How can you prove Heine-Porel (unit interval is compact) theorem by Bolzano-Weierstrass theorem (there is a limit in a continuous and bounded interval)?

The Attempt at a Solution

Compact means that the sequence is complete and totally bounded.

Unit interval perhaps means a bounded interval of an unit length.

I do not see how the continuity in Bolzano-Weierstrass theorem is related to
Heine-Porel theorem.

 

[lanedance]

Hi soopo - disclaimer first as I'm fairly new to this stuff myself

i think the Heine-Borel theorem actually states that a subsapce of Rⁿ is compact iff it is closed & bounded

defintion of compact is for every open cover, there exists a finite subcover
http://en.wikipedia.org/wiki/Open_cover

bolzano theorem states that each bounded sequence in Rⁿ has a convergent subsequence.
http://en.wikipedia.org/wiki/Bolzano-Weierstrass_theorem

so start by assuming you have a closed & bounded set eg. [0,1]. Then try & show its compact... and then the other way.. and how can you relate the Bolzano conditions to the compactness cover defintion & can you find a path between them?

by the way you would have a better chance of getting answered on the calculus part of this forum... Dick & HallsofIvy would rip through it

 

[HallsofIvy]

what "continuity" are you talking about? Bolzano-Weierstrasse says that every bounded sequence of real numbers contains a convergent subsequence. That says nothing about "continuity". I don't understand what you mean by "continuous interval"- it might be a language problem- "connected interval"?

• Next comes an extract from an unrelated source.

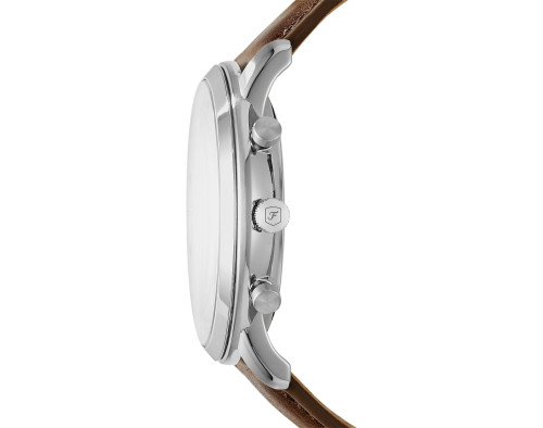 Armbanduhr Fossil Neutra FS5380 für Herren mit Quarzwerk, Uhrengehäuse aus Edelstahl mit einem Durchmesser von 44 mm, Ziffernblatt Beige und Uhrenarmband aus Leder in der Farbe Braun.

Essentially, the proof that "Bolzano-Weierstrasse" implies "Heine-Borel" uses the fact that a sequence in a closed and bounded set (or, specifically, [0, 1]) is bounded because the set is bouded, so, by Bolzano-Weierstrasse, contains a convergent subsequence. The fact that the set is closed the implies that convergent subsequence converges to a point in the set and so Heine-Borel.

 

[soopo]

Essentially, the proof that "Bolzano-Weierstrasse" implies "Heine-Borel" uses the fact that a sequence in a closed and bounded set (or, specifically, [0, 1]) is bounded because the set is bouded, so, by Bolzano-Weierstrasse, contains a convergent subsequence. The fact that the set is closed the implies that convergent subsequence converges to a point in the set and so Heine-Borel.

The reason why B-W theorem implies Heine-Borel is that B-W tells us that a closed and bounded set (eg [0, 1]) contains a convergent subsequence.

I don't understand what you mean by "continuous interval"- it might be a language problem- "connected interval"?

I have been using a continuous interval as a synonym for a connected interval.
It seems that my convention is false.

Thank you for your reply!